» PROBLEM TO WORK ON
From the line containing "ChikazawalaceshopB from Yokohama,Japan" to the final line of the material below, return every line exactly. Do not include pictures.

● ● ● ● ● ● ●

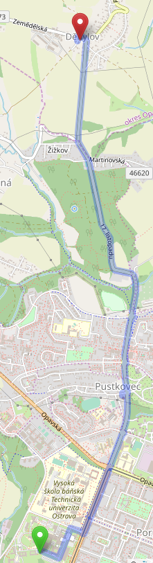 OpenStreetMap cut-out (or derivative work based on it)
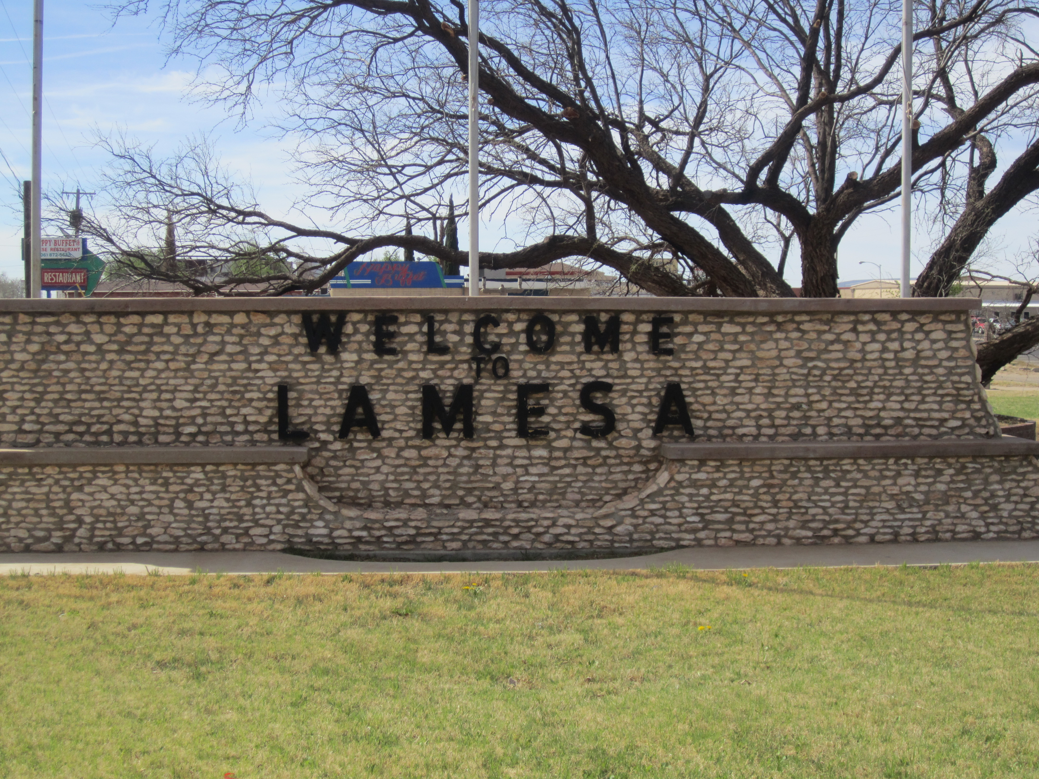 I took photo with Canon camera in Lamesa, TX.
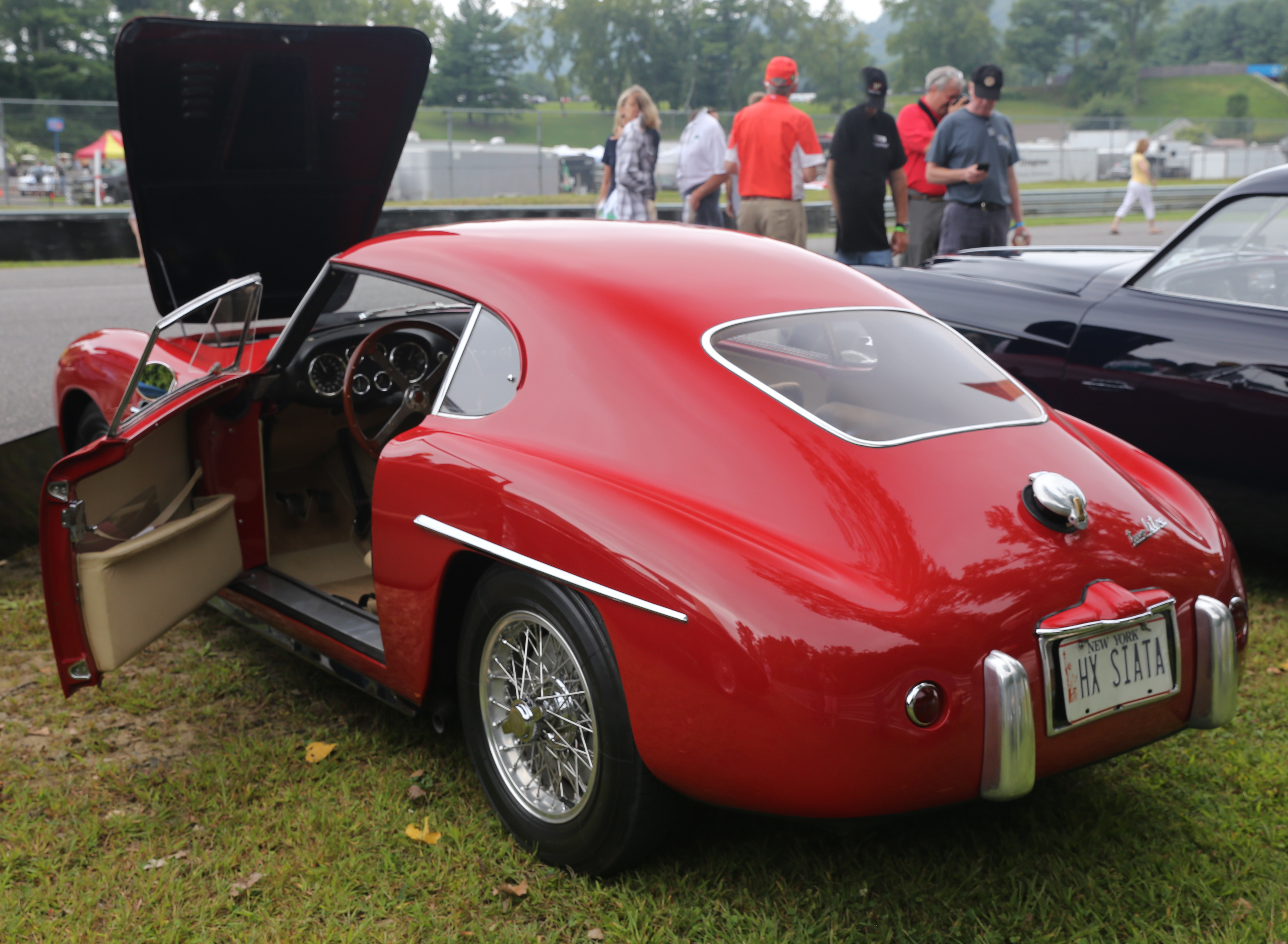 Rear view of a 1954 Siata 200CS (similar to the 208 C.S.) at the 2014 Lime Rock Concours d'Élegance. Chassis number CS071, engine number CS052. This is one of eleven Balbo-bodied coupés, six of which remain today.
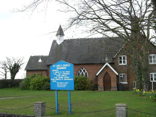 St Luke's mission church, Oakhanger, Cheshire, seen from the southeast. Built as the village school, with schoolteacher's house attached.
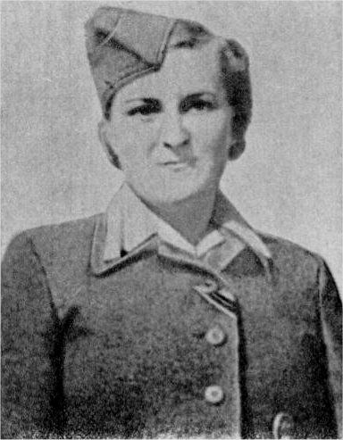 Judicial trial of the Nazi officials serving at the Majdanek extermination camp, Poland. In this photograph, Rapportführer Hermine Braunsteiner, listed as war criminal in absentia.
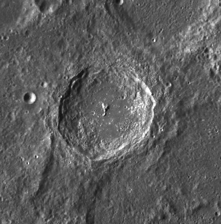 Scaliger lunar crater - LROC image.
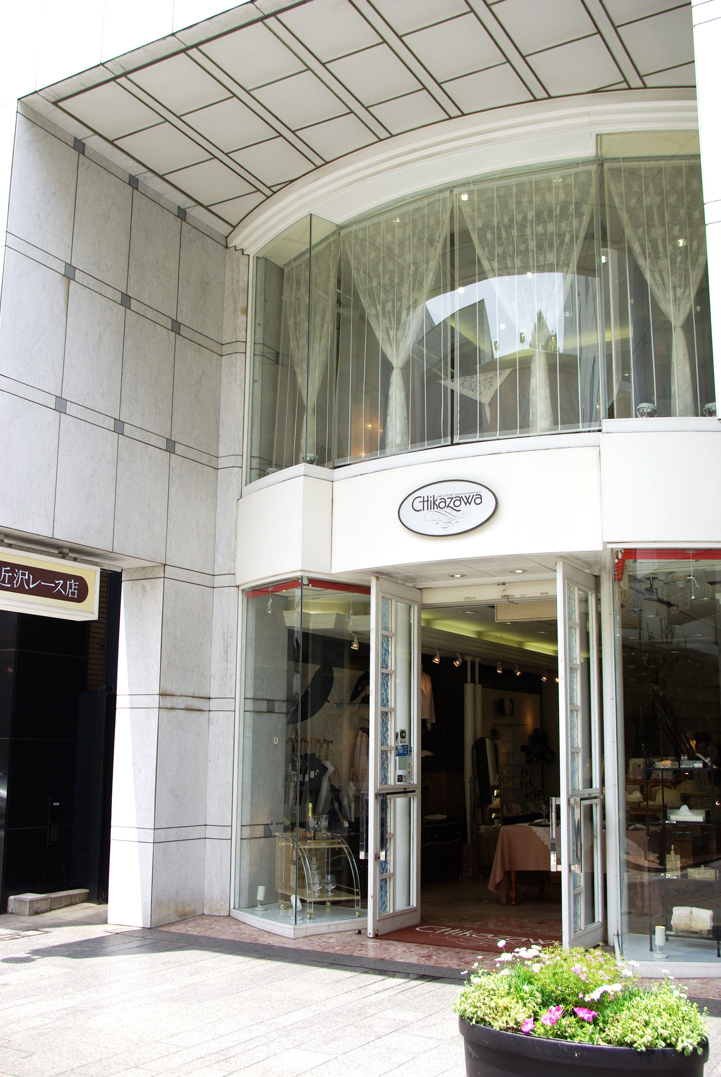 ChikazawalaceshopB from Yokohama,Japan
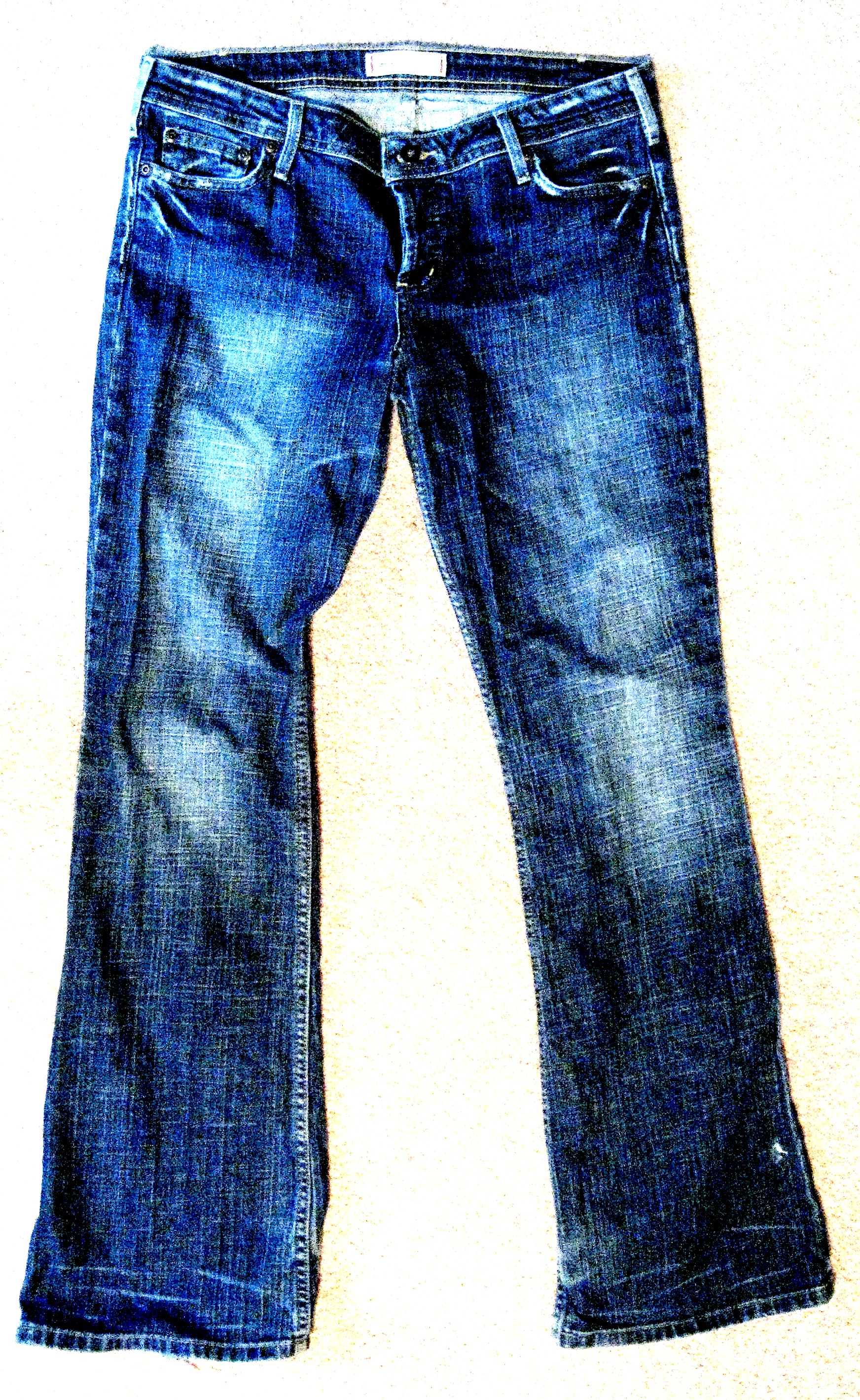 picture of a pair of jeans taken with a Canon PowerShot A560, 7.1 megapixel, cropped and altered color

● ● ● ● ● ● ●

» TASK OUTPUT
 ChikazawalaceshopB from Yokohama,Japan
 picture of a pair of jeans taken with a Canon PowerShot A560, 7.1 megapixel, cropped and altered color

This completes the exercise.